Проще всего увидеть в этом причуды едва оперившейся артистки и постсоветский китч, если бы не одно "но". Следующие тридцать лет показали достаточно внятно: это была собственная хартия вольностей Варум, от которой она не отказалась до сих пор.
Утренняя звезда
Мария (настоящее имя певицы) Варум родилась во Львове в семье советского композитора и аранжировщика Юрия Варума и театрального режиссера Галины Шаповаловой. Переехав в Москву, вчерашняя школьница попробовала стать профессиональной актрисой, но поступить в театральный институт, знаменитую "Щуку", ей не удалось. Имея домашнее музыкальное образование, Варум решила, что это знак: нужно петь. Отец, не понаслышке знавший, сколько сил отнимает сцена, был резко против, но все же взял дочь к себе на студию.
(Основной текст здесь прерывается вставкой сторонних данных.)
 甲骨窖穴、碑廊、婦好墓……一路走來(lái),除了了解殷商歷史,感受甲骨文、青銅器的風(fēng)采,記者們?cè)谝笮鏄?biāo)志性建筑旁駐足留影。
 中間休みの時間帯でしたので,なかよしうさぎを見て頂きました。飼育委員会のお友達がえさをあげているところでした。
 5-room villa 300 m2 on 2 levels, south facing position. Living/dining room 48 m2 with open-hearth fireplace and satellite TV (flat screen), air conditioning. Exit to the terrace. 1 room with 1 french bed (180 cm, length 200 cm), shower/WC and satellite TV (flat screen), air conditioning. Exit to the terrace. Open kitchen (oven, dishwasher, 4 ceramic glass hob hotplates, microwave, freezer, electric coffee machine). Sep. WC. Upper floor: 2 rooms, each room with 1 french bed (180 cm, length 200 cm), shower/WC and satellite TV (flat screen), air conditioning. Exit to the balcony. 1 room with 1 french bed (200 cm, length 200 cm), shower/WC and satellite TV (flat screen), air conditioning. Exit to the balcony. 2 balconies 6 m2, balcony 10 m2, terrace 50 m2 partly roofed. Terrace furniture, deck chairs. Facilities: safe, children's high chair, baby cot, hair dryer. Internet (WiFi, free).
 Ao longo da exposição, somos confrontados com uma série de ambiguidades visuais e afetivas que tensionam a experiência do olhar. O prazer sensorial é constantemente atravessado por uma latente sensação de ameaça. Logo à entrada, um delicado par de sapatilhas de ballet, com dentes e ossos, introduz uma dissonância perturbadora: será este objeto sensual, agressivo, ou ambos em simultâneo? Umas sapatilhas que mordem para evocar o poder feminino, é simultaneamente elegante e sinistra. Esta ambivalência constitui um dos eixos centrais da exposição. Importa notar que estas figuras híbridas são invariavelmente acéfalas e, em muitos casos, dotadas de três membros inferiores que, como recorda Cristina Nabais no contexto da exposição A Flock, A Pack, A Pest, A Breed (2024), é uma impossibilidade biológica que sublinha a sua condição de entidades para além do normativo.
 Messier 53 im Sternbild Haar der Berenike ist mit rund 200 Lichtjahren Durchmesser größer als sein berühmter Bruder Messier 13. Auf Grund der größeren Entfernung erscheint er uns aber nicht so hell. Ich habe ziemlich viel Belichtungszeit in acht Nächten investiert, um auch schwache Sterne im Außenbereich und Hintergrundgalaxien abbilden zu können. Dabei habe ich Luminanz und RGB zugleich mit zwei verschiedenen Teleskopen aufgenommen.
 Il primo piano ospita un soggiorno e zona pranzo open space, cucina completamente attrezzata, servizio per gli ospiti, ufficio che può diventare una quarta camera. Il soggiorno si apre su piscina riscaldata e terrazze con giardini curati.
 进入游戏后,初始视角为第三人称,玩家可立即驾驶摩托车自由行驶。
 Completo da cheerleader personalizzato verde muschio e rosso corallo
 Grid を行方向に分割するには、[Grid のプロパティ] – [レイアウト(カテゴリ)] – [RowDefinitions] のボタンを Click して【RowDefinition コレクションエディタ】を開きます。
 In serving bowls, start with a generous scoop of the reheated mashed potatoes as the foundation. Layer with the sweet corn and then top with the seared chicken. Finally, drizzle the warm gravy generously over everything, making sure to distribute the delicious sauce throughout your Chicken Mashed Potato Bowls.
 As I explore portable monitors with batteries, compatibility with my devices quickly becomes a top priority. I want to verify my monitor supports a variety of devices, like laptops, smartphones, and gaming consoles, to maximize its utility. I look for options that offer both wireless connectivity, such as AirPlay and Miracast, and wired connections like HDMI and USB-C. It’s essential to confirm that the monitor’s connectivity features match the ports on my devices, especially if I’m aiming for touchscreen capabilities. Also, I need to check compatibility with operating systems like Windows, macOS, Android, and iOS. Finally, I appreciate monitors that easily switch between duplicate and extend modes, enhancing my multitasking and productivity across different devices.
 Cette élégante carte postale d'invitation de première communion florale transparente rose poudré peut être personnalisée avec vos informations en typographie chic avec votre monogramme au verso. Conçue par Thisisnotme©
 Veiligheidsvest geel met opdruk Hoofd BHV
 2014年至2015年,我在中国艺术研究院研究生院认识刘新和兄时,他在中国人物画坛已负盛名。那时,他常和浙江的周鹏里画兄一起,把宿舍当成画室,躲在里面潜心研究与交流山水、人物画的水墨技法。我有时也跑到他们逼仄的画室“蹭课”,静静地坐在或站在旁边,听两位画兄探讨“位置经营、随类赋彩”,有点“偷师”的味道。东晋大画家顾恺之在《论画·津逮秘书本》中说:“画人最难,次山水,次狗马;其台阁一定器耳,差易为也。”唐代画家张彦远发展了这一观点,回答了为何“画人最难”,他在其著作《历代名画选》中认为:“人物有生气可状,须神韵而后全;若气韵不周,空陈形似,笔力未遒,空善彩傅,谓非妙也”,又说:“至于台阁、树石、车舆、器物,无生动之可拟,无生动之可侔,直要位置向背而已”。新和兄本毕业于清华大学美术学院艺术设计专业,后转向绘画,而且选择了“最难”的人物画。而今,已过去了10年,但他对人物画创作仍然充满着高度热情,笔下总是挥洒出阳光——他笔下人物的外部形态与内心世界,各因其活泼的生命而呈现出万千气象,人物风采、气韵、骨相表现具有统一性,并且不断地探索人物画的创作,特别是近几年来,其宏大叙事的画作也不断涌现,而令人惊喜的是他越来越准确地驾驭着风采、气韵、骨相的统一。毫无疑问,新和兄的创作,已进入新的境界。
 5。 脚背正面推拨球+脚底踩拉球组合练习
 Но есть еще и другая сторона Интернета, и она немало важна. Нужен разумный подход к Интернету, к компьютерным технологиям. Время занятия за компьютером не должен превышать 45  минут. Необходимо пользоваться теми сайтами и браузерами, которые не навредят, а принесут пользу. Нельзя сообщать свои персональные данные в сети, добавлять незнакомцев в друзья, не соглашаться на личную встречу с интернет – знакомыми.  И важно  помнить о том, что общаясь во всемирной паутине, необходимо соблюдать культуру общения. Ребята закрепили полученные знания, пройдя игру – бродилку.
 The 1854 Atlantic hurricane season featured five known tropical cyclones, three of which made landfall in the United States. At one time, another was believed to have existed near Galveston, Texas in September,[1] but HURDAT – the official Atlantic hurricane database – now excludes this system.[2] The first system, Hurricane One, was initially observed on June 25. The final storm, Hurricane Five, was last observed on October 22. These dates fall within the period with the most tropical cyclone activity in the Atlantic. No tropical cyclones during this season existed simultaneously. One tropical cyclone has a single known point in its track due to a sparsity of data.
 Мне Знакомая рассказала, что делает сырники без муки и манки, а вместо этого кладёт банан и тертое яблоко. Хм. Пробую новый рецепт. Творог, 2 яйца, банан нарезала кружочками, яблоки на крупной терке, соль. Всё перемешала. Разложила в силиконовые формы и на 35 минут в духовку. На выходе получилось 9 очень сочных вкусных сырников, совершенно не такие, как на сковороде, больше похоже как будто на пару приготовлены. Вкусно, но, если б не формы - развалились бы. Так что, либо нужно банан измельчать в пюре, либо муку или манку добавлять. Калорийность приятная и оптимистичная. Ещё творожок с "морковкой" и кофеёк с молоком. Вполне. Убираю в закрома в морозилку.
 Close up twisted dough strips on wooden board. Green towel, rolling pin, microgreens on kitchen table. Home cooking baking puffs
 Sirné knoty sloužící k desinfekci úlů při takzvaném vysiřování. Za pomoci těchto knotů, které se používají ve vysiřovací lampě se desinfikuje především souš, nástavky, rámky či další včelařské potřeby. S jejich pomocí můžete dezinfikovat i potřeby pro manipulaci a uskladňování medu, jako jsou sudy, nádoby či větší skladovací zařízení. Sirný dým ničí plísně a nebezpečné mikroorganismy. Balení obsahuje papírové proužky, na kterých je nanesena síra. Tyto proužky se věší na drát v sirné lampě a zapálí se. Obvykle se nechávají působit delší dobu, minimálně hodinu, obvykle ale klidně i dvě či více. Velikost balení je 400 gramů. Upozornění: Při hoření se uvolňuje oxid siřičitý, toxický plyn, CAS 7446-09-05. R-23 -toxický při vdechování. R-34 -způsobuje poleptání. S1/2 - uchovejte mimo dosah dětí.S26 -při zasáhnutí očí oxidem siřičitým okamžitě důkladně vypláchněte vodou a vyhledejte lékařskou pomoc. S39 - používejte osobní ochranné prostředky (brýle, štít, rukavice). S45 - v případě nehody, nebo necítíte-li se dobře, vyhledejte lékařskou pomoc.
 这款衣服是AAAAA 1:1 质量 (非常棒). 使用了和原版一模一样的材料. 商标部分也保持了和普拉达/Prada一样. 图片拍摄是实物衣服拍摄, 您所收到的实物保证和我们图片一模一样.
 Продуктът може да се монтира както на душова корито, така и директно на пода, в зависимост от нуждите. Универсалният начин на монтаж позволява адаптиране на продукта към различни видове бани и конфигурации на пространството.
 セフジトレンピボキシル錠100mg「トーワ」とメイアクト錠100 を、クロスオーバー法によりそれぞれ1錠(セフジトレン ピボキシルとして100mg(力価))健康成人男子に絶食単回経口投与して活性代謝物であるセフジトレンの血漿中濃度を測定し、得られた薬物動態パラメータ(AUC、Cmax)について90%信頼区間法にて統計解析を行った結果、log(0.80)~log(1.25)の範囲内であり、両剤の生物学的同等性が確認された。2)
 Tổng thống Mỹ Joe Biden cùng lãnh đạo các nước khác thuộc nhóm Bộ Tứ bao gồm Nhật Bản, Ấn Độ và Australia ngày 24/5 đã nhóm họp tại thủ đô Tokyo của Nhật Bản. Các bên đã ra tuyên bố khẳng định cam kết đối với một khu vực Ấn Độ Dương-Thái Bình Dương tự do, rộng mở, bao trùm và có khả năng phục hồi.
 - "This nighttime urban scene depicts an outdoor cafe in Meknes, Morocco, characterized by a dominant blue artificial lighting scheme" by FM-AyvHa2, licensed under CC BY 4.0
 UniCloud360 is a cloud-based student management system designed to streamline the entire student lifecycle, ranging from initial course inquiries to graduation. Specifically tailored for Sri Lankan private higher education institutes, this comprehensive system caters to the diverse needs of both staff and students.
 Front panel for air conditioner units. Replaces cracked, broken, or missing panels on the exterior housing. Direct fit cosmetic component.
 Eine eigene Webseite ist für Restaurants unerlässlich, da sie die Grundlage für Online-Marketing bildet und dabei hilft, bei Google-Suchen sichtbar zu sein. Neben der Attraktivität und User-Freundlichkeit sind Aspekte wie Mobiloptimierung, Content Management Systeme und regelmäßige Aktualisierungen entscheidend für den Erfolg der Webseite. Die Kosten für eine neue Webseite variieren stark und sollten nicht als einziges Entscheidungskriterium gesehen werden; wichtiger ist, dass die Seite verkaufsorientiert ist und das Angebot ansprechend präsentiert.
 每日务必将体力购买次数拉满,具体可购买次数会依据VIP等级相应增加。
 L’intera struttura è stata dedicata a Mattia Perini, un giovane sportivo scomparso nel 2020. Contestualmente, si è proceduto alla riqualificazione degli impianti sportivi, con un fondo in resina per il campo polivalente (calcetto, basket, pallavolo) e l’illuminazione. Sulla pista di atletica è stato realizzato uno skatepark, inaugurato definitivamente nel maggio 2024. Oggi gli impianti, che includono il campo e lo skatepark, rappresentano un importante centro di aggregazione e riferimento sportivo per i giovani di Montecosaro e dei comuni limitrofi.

Вскоре Мария стала бэк-вокалисткой озорной "Комбинации", а затем — уже под псевдонимом Анжелика Варум — записала свои первые сольные вещи "Здравствуй и прощай" и "Полуночный ковбой". Последнюю через полгода пел весь "Олимпийский" на гала-концерте "Утренней звезды". Выпуск полноценной пластинки был не за горами.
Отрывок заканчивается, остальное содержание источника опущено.